Exercise:
Pictures stay out of this copy; please retype only the lines from the start of the records through the line with "Add a touch".

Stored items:
******

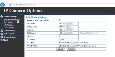 設定画面は、http://<カメラのIP>:81/admin.htm
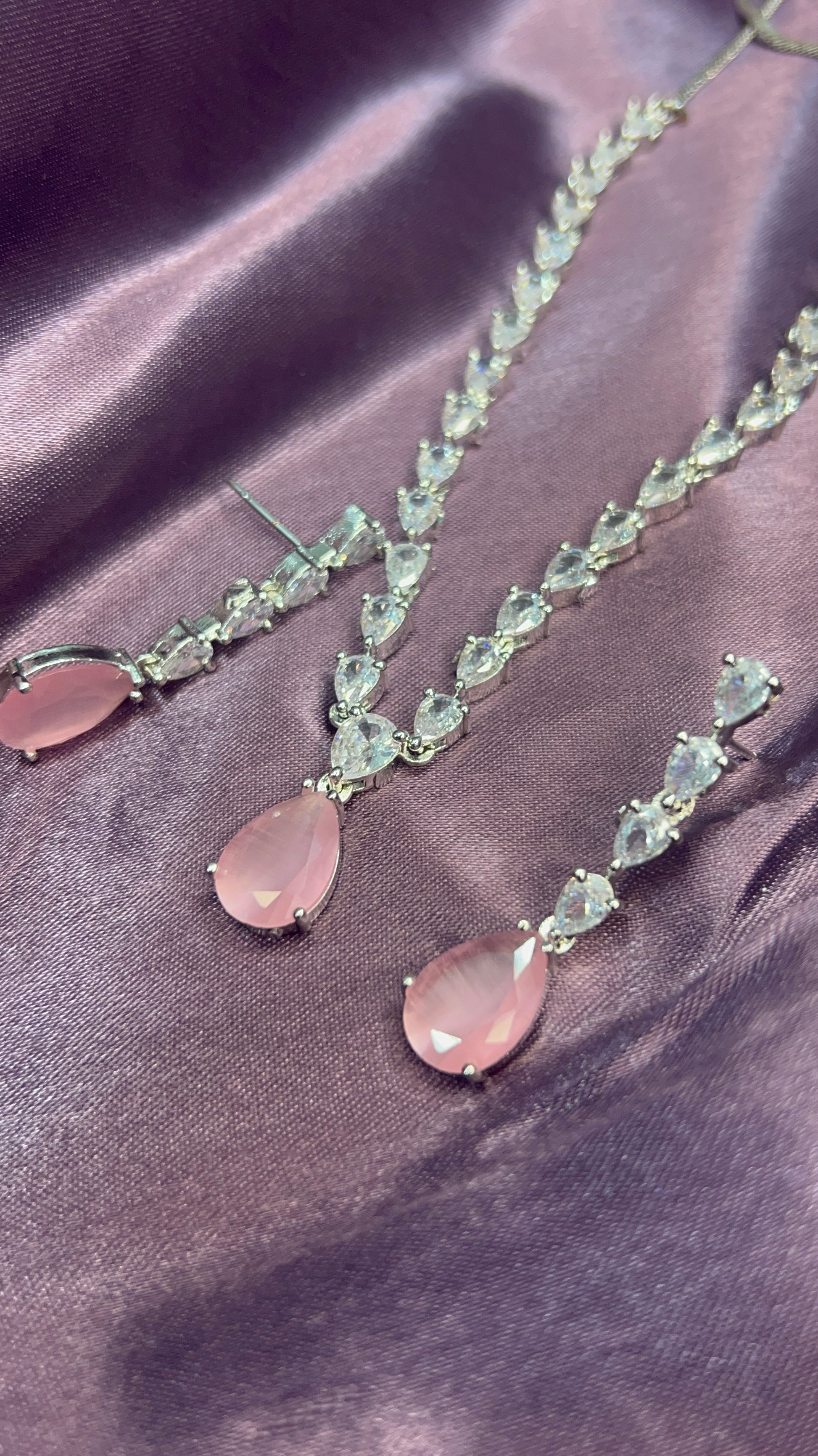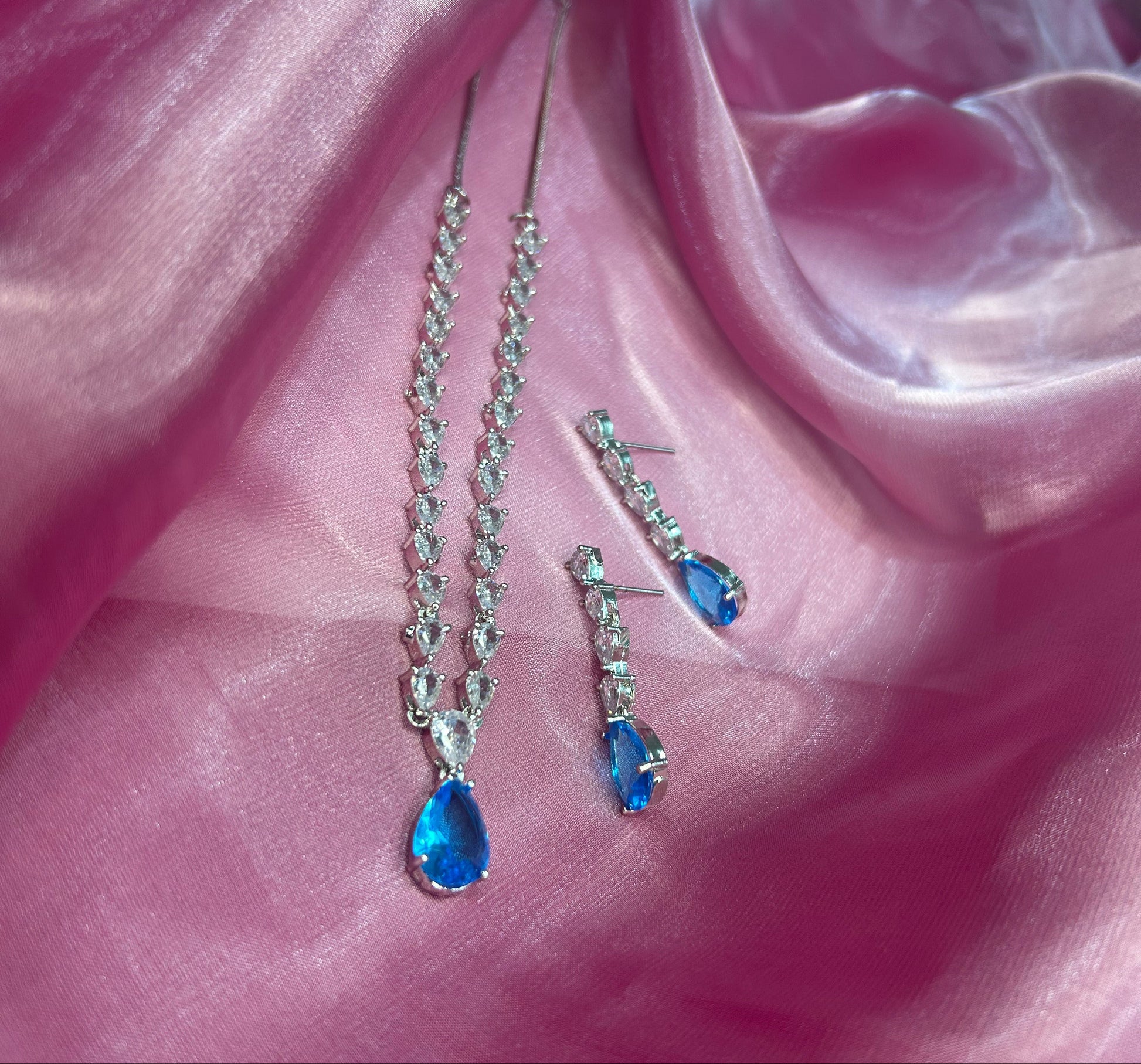 Add a touch of elegance to your look with this timeless crystal drop necklace set, featuring a delicate line of shimmering stones finished with a graceful teardrop pendant. Designed in a sleek silver-tone finish, this minimalist yet luxurious set comes with matching drop earrings, making it perfect for parties, weddings, and evening wear. Available in Sapphire Blue, Soft Pink, and Royal Purple, it effortlessly complements both ethnic and western outfits.
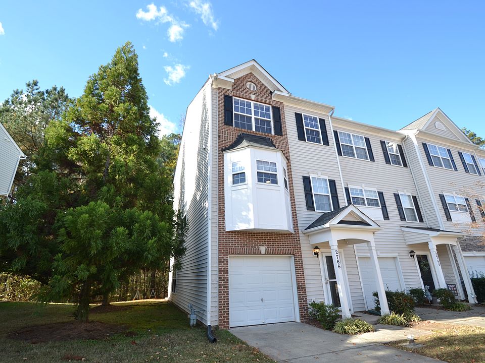 This fantastic end-unit townhome is located in a fabulously-convenient south Durham location that makes it convenient to RTP/RDU, downtown Raleigh, downtown Durham, local schools, parks, greenways, restaurants/retail, HWY 70, I-540, Brier Creek and much more! 2766 Wyntercrest Lane is available for immediate occupancy and is sure to please. Upon arrival, you'll be greeted by a long, private driveway, an attached garage and a covered front porch. Once inside, you're welcomed by a light-filled and expansive floorplan with room in all the right places. The foyer opens on the right to a coat closet and a staircase that leads up to the 2nd floor. Heading towards the rear of the home, you'll next pass by the interior garage access on your left and another closet on your right. At the end of the hallway, you'll find yourself in a massive bonus/flex room that could be put to use in a myriad of different fashions. This space includes tall ceilings, a double picture window, direct access to a covered rear patio and plank flooring throughout. The possibilites of this space are truly endless; imagine the home office, media room, or dedicated exercise space that you've always wanted! This property continues to impress on the 2nd level. Here, you'll be greeted by an inviting open-concept living area that works perfectly for today's lifestyle. The kitchen showcases gorgeous granite counters that accentuate maple upper and lower cabinetry adorned with crown molding. The kitchen also features tiled flooring, a large island with an integrated breakfast bar, a spacious pantry, a double-bowl stainless-steel undermount sink with a huge bay window housing 3 windows, and a suite of sleek appliances (including a smooth-top oven and a refrigerator with ice and water in the door) to round-out the kitchen experience. Next to the kitchen is a perfectly-proportioned dining area with double picture windows and a design that serves to interconnect the kitchen with the family room. Speaking of the family room, this will surely be a place in which you'll enjoy spending time. A cozy gas log fireplace serves as the focal point of this room where you'll also find Brazilian cherry flooring, a ceiling fan/light and direct access to an elevated rear deck overlooking a wooded buffer out back. Next, take a quick jaunt to the top floor to visit all three bedrooms as well as a conveniently-located laundry center complete with washer/dryer included. Never again will you have to haul laundry up and down the stairs! Towards the rear of the home is the primary suite that boasts a vaulted ceiling, double picture windows, a walk-in closet and a luxurious en-suite bathroom with dual sinks atop a marble-topped vanity, a garden tub, a walk-in shower and even a water closet! Not to be outdone, bedrooms #2 and #3 are also generously-proportioned and offer lovely natural light, ample closet space and easy access to a full hall bathroom with a marble-topped vanity and a tub/shower. Property Features Availability: Available for immediate occupancy Lease Term: 12 and 24 month lease terms available Pet Friendly: Owner will consider 1 dog 30# or smaller OR 1 cat. Pets must be neutered/spayed, no puppies or kittens, additional $300 security deposit required. All Appliances Included: Rent includes washer/dryer/refrigerator for resident's use Attached Garage: Enjoy the security and convenience of an attached garage with direct interior access No Yard Work: Take back your weekends! Rent includes year-round lawn and landscaping maintenance Limited Carpeting : The 1st and 2nd floors boast hardwoods, plank flooring and tile throughout! We do not advertise on Facebook or Craigslist
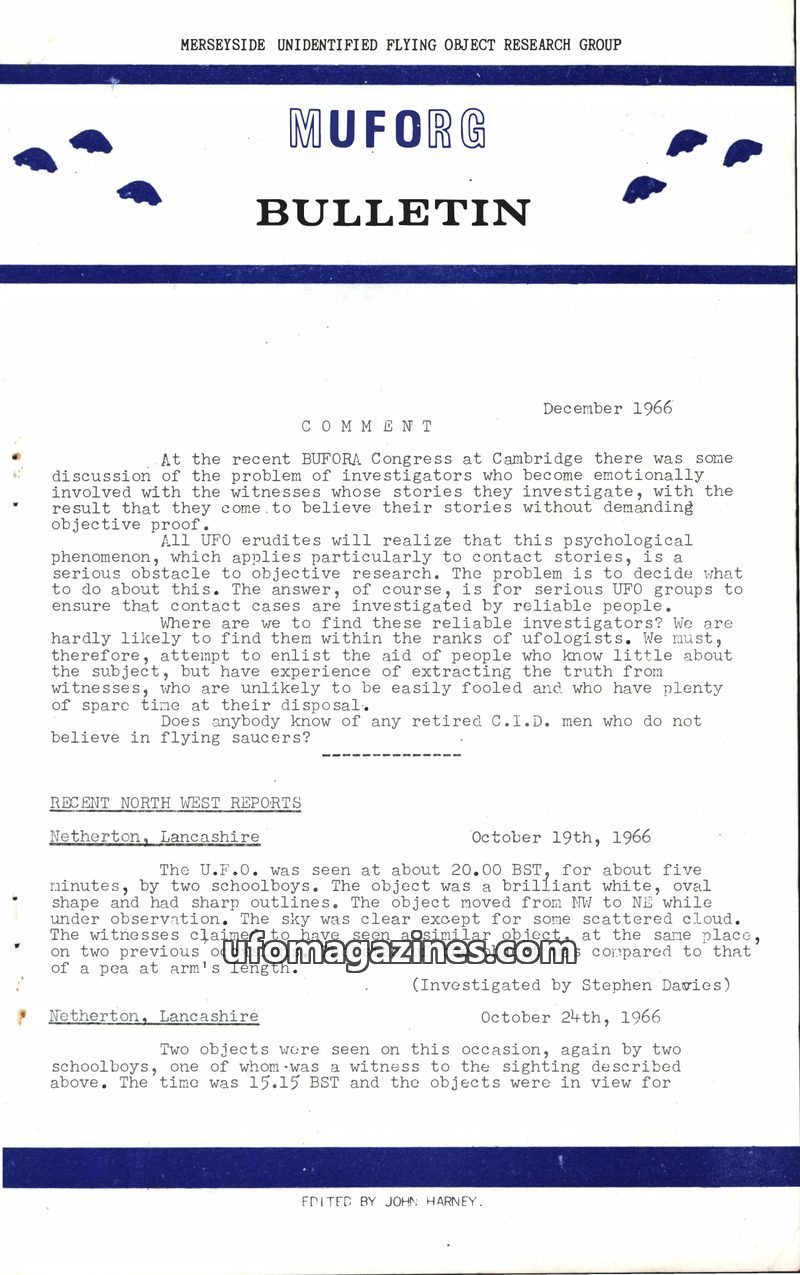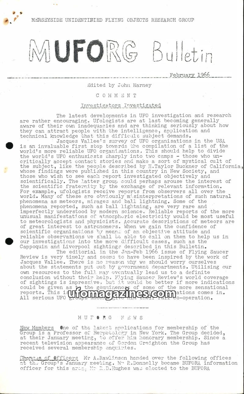 This issue of the MUFORG Bulletin from April 1966 covers recent UFO sightings in the North West of England, including detailed reports from Bootle, Wigan, and Wilmslow. It also fea
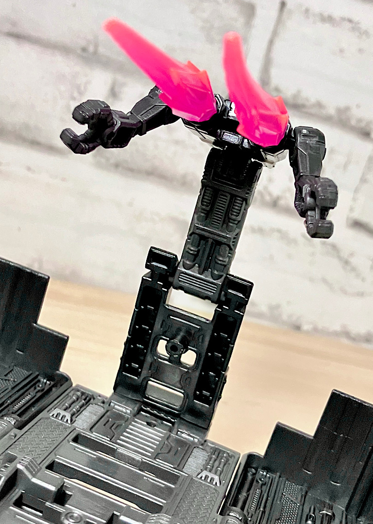 たたんであるアームレーダーはG1トイと同じように立ち上がることが可能。ミサイル機能は付いていませんが、その代わり別売りエフェクトに対応しています。
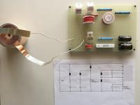 Die Frequenzweiche habe ich auf eine Lochrasterplatine aufgesteckt. Bitte seht Euch das Bild an.
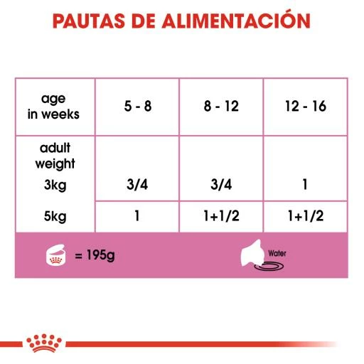 | 16 + semanas | 1 1/4 – 1 1/2 lata o Royal Canin Kitten | 1/2 lata + 30 – 50 g o Royal Canin Kitten |

******

Solution for this problem:
 設定画面は、http://<カメラのIP>:81/admin.htm
 Add a touch of elegance to your look with this timeless crystal drop necklace set, featuring a delicate line of shimmering stones finished with a graceful teardrop pendant. Designed in a sleek silver-tone finish, this minimalist yet luxurious set comes with matching drop earrings, making it perfect for parties, weddings, and evening wear. Available in Sapphire Blue, Soft Pink, and Royal Purple, it effortlessly complements both ethnic and western outfits.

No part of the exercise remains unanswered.